The government of Israel also recently chose Sheba Medical Center to become the nation’s first “City of Health”, where revolutionary technological innovations will help improve the quality of life and longevity of the Jewish State’s citizens.

“Israel serves as a global incubator of innovative ideas for a variety of reasons,” said Dr. Eyal Zimlichman, Deputy Director General, Chief Medical Officer and Chief Innovation Officer at Sheba Medical Center. “First of all, it’s in our genes. Secondly, there is the military aspect, where we are taught to improvise when necessary in the field. These things allow us to be naturally innovative. This has trickled down into the medical field, where we are offering the highest level of medical care.”

Dr. Zimlichman recently unveiled Sheba’s plans for its futuristic Innovation Center at a meeting for potential donors and investors in Manhattan.

Prime examples of Sheba Medical Center’s innovative efforts revolve around combating potentially fatal diseases such as cancer with immunotherapy, oncology’s new medical “magic bullet” and targeting hemophilia with a novel drug. Global pharmaceutical and biotech companies routinely conduct hundreds of clinical trials at Sheba during the year because of the medical center’s elite research and laboratory facilities.

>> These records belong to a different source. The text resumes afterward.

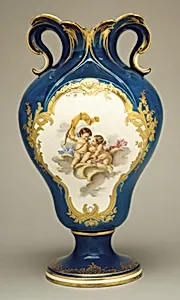 This exquisite *Vase (vase à oreilles)*, one of a pair from 1758, exemplifies the pinnacle of French porcelain at the renowned Sèvres Manufactory.ed in soft-paste porcelain—a, early formula prized for its creamy translucency and ability to capture intricate modeling—this 12⅛-inch (30.8 cm) vessel modeled by the innovative sculptor Jean-Claude Dupless and gilded by Antoine Cat. The "vase with ears" design features elegant handles, evoking the playful abundance of the Rococo style under Louis XV. Adorned with frolicsome putti—chubby, winged cherubs symbolizing love and joy—the vase bursts with ...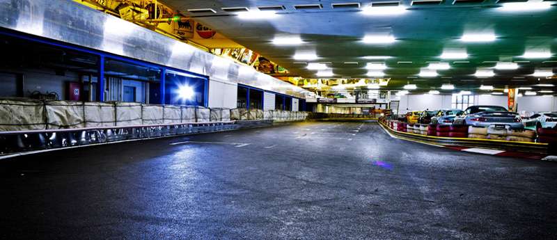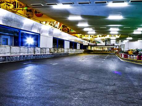 Die Indoor Rennstrecke ist von der Grösse und von der Atmosphäre her unvergleichbar und einzigartig. Die Strecke ist 630 Meter lang und 8 Meter breit. Der Asphaltbelag vermittelt ein tolles Renngefühl. Das Überholen ist problemlos möglich und das Fahren macht sowohl Erlebnissuchenden als auch echten Profis Spass. Auf der Piste können bis 25 Karts miteinander fahren.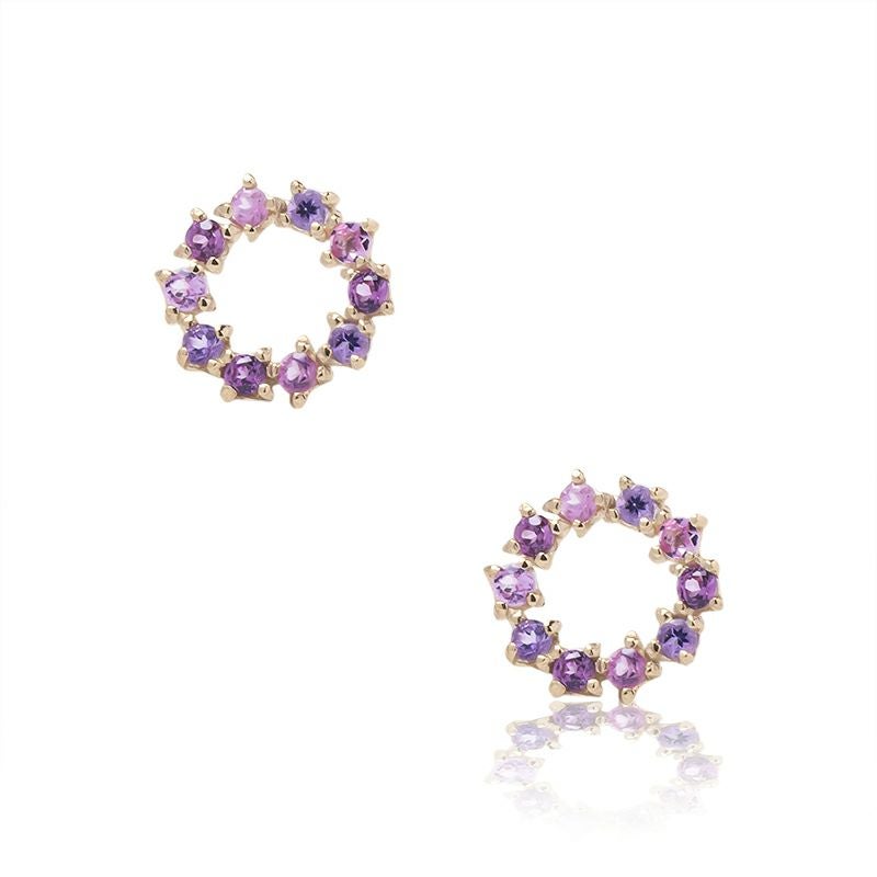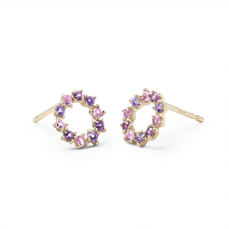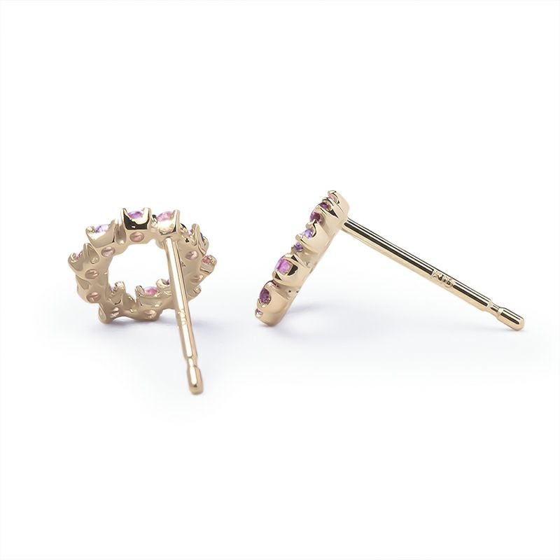 3石の宝石を散りばめた、ブーケのようなデザインが華やかなイエローゴールドピアス。

Immunotherapy is a treatment that literally uses your body’s own immune system to invade and destroy cancer.

CAR-T (Chimeric Antigen Receptor) and TIL (Tumor Infiltrating Lymphocytes) cancer immunotherapies are not universal cancer cures at this stage. However, on-going clinical trials (conducted for major pharmaceutical companies and America’s National Institute of Health) at Sheba Medical Center’s oncology unit, where “end stage” cancer patients are being treated with CAR-T, which specifically targets leukemia and lymphoma, and TIL that zeroes in on melanoma and ovarian cancer patients, have injected new hope into dozens of patients, who were only weeks or months away from certain death.

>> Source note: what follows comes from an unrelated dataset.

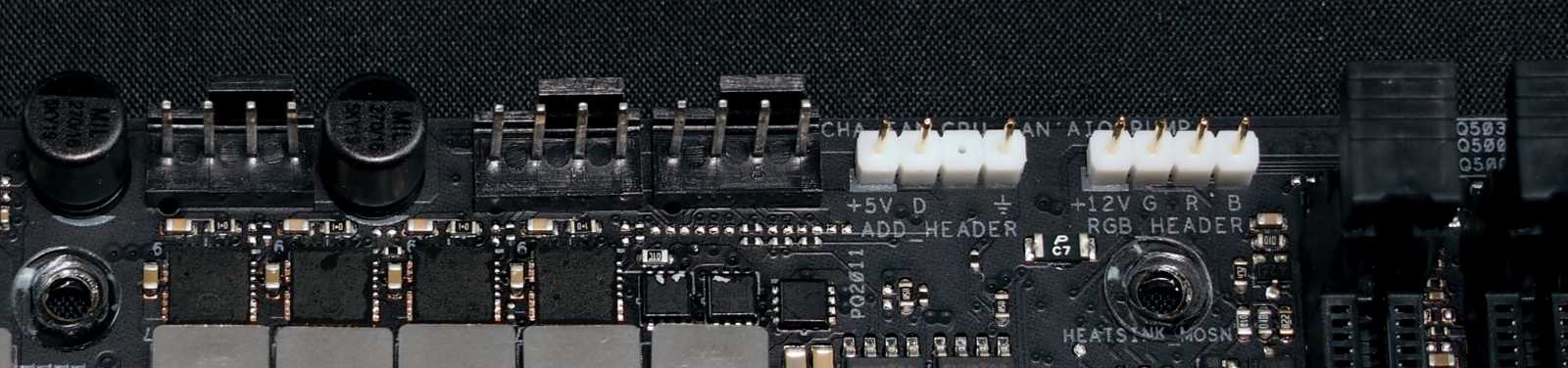 Плата ROG Strix Z390-I Gaming располагает тремя разъемами 4-пин PWM для подключения систем охлаждения. Все они находятся на верхней грани материнской платы. Здесь же соседствует и пара разъемов для подключения лент подсветки с +5 и +12 В питанием.

Seventeen cancer stricken people were treated at Sheba during an initial CAR-T trial, after all of these patients had displayed zero improvement in the wake of traditional chemotherapy treatments and bone marrow transplants. Of those seventeen, 75% had a complete response to the
CAR-T treatment. One of those CAR-T patients, an 8 year-old girl from Bnei Brak, was the first child to achieve COMPLETE remission from childhood leukemia. A Sheba Medical Center oncologist boasted, “When we came to give her the CAR-T cells, she was very, very sick. She couldn’t even get out of bed. When we came back to visit her three weeks later, she was going back and forth on her rollerblades!”

There have been equally incredible results in the treatment of hemophilia.

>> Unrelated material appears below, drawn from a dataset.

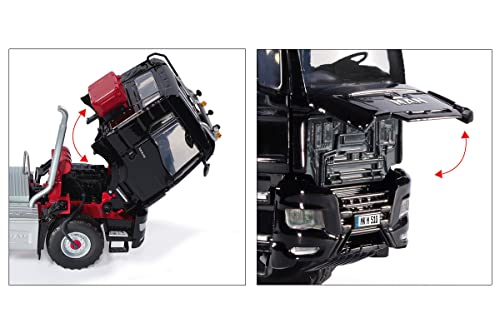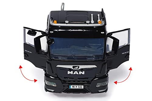 Ma le sorprese non finiscono qui. La griglia del radiatore anteriore può essere sollevata, mostrando le componenti meccaniche sottostanti. L'intera cabina è inclinabile, proprio come nel camion reale, per dare accesso a una riproduzione dettagliata del potente motore MAN. L'asse anteriore è sterzante, permettendo di posizionare il modello in modo dinamico. Persino dettagli come gli specchietti retrovisori, le trombe cromate sul tetto, i tergicristalli e l'aletta parasole sono realizzati con una cura impressionante.

Recently, a 1 year old boy, became the youngest patient in the world suffering from both severe Hemophilia A and an unusual allergy to be treated at Sheba Medical Center with a novel drug that only recently was approved for use in the USA. The drug developed by a biopharmaceutical company in the USA, contained a “bispecific antibody” that was injected into the child. According to clinical trial results published in the renowned NewEnglandJournalofMedicine, the new drug has shown a 90% reduction in bleeding in children and a 70% reduction in adults.

“This is a new exciting era with many novel options for improved care and even complete cure of patients with hemophilia,” boasted Professor Gili Kenet, Director of the National Hemophilia Center at Sheba Medical Center. “The child’s mother is so happy with the new treatment. The child had experienced a head trauma, but required no further therapy at all. Usually, this type of injury with a hemophiliac patient would involve hours in the Emergency Room ER with repeated doses of intravenous coagulation factors. However, there were no complications as his hemostasis (blood factors) was completely normal!”

At Sheba Medical Center, a troubling diagnosis is never a reason to give up hope. With its talented doctors discovering and working with new therapies, Sheba Medical Center is providing patients with the prescriptions for long and healthy lives.